═════ MATERIAL FOR THE TASK ═════

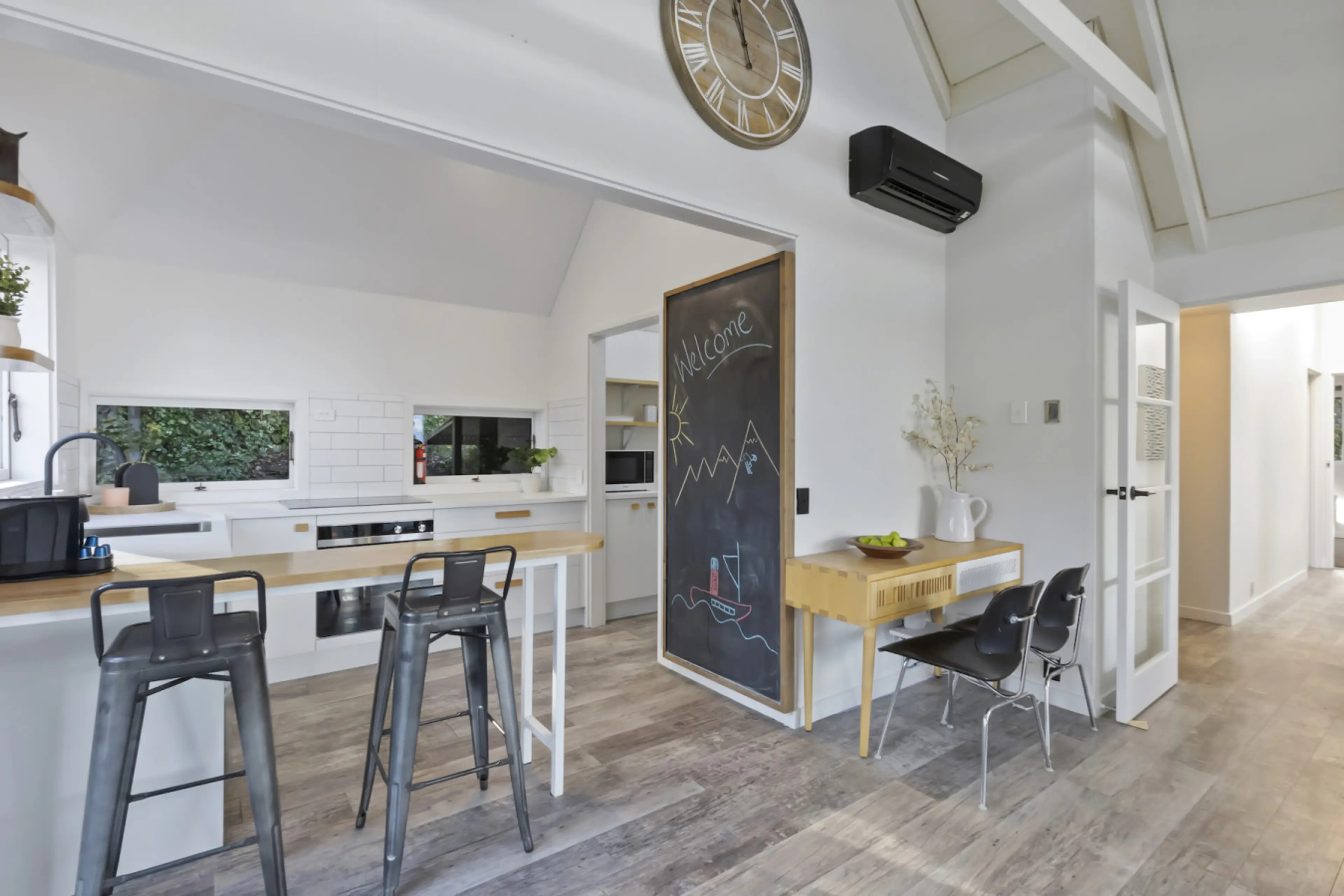 With an amazing view to the Remarkables and Lake Wakatipu, the house has 3 double bedrooms and 1 twin room. Spacious living and kitchen area. There is a heat pump/air conditioner plus woodburner in the upstairs living room and each bedroom has its own heater. There's a landscaped area with a s hot t...
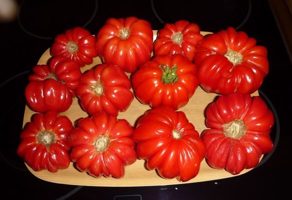 Cele mai mari fructe sunt formate la baza tufișului. Randamentul și rezistența la boli sunt medii. Nu este rau transportat. Greutatea unui fruct poate depăși 500 de grame, culoarea la maturitate - roșie. Pielea este subțire, carnea este fără vene, sunt puține semințe. Utilizat în principal pentru consumul proaspăt, dar poate fi și conservat.
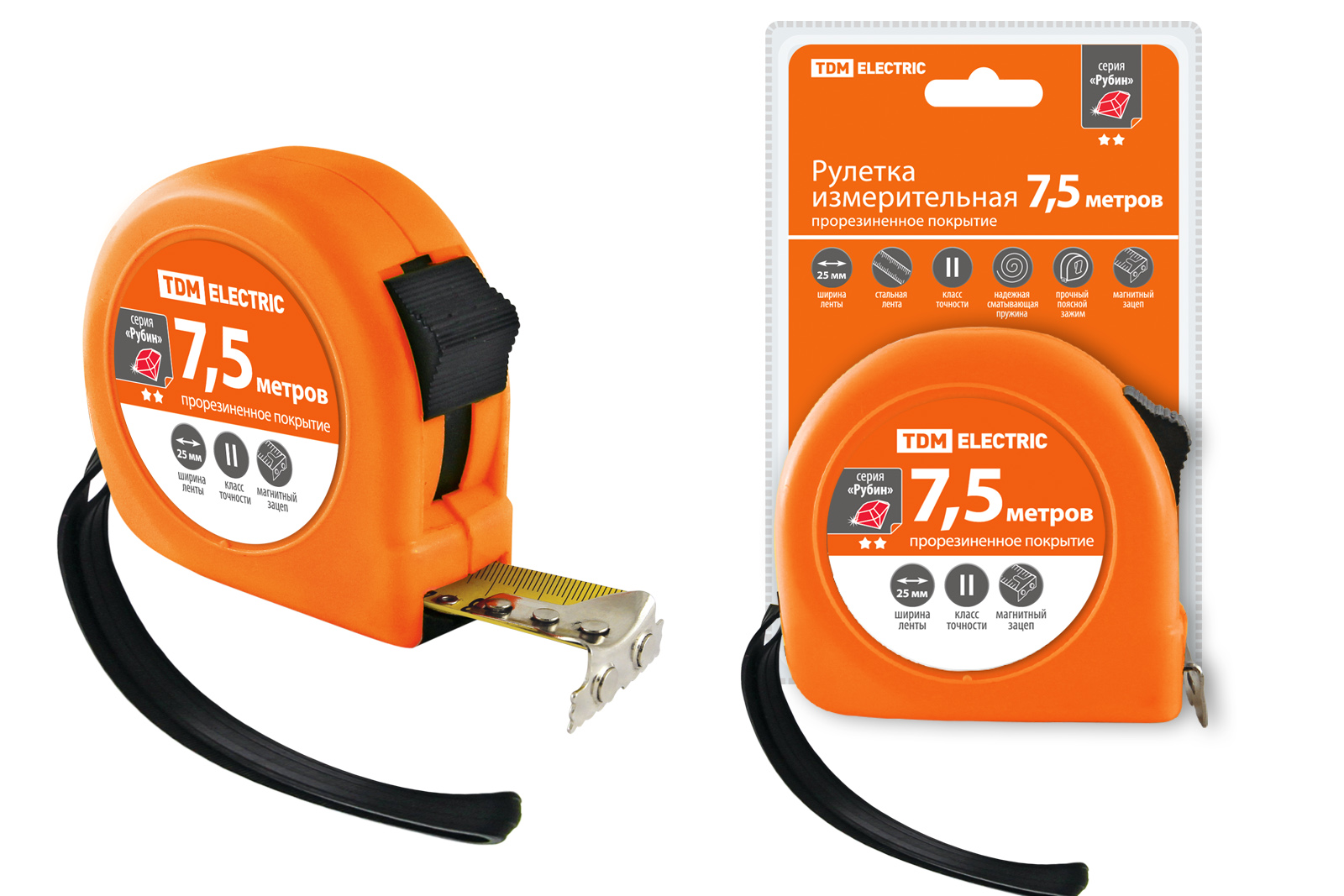 Наименование: Рулетка, длина 7.5 м, стальная лента, ширина 25 мм, прорезиненное покрытие, магнит, "Рубин" TDM
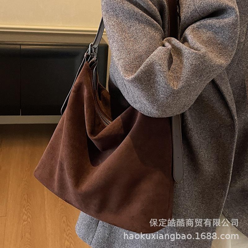 Suede Bag Women's Large Capacity 2025 New Autumn and Winter Retro Shoulder Messenger Bag Commuter Tote Bucket Bag
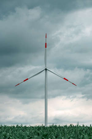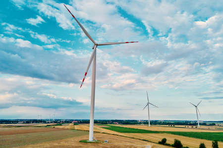 Windmill among agricultural fields. Wind turbine generator at summer day. Wind energy concept, Suistanable and renewable energy for climate protection
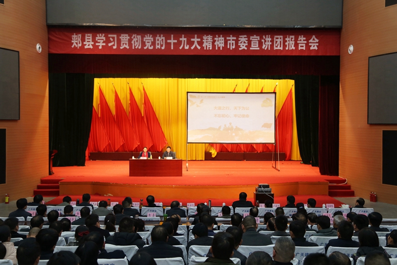 11月30日下午,郏县会议中心座无虚席。全县学习贯彻党的十九大精神市委宣讲团报告会正在这里举行。市委宣讲团成员、市委组织部正县级组织员滕跃丽做专题报告,部分离退休老干部、全县科级以上干部近千人聆听了报告。

═════

# TRY IT
The pictures stay out of the copy. Set down the entries above precisely.

# TASK OUTPUT
 With an amazing view to the Remarkables and Lake Wakatipu, the house has 3 double bedrooms and 1 twin room. Spacious living and kitchen area. There is a heat pump/air conditioner plus woodburner in the upstairs living room and each bedroom has its own heater. There's a landscaped area with a s hot t...
 Cele mai mari fructe sunt formate la baza tufișului. Randamentul și rezistența la boli sunt medii. Nu este rau transportat. Greutatea unui fruct poate depăși 500 de grame, culoarea la maturitate - roșie. Pielea este subțire, carnea este fără vene, sunt puține semințe. Utilizat în principal pentru consumul proaspăt, dar poate fi și conservat.
 Наименование: Рулетка, длина 7.5 м, стальная лента, ширина 25 мм, прорезиненное покрытие, магнит, "Рубин" TDM
 Suede Bag Women's Large Capacity 2025 New Autumn and Winter Retro Shoulder Messenger Bag Commuter Tote Bucket Bag
 Windmill among agricultural fields. Wind turbine generator at summer day. Wind energy concept, Suistanable and renewable energy for climate protection
 11月30日下午,郏县会议中心座无虚席。全县学习贯彻党的十九大精神市委宣讲团报告会正在这里举行。市委宣讲团成员、市委组织部正县级组织员滕跃丽做专题报告,部分离退休老干部、全县科级以上干部近千人聆听了报告。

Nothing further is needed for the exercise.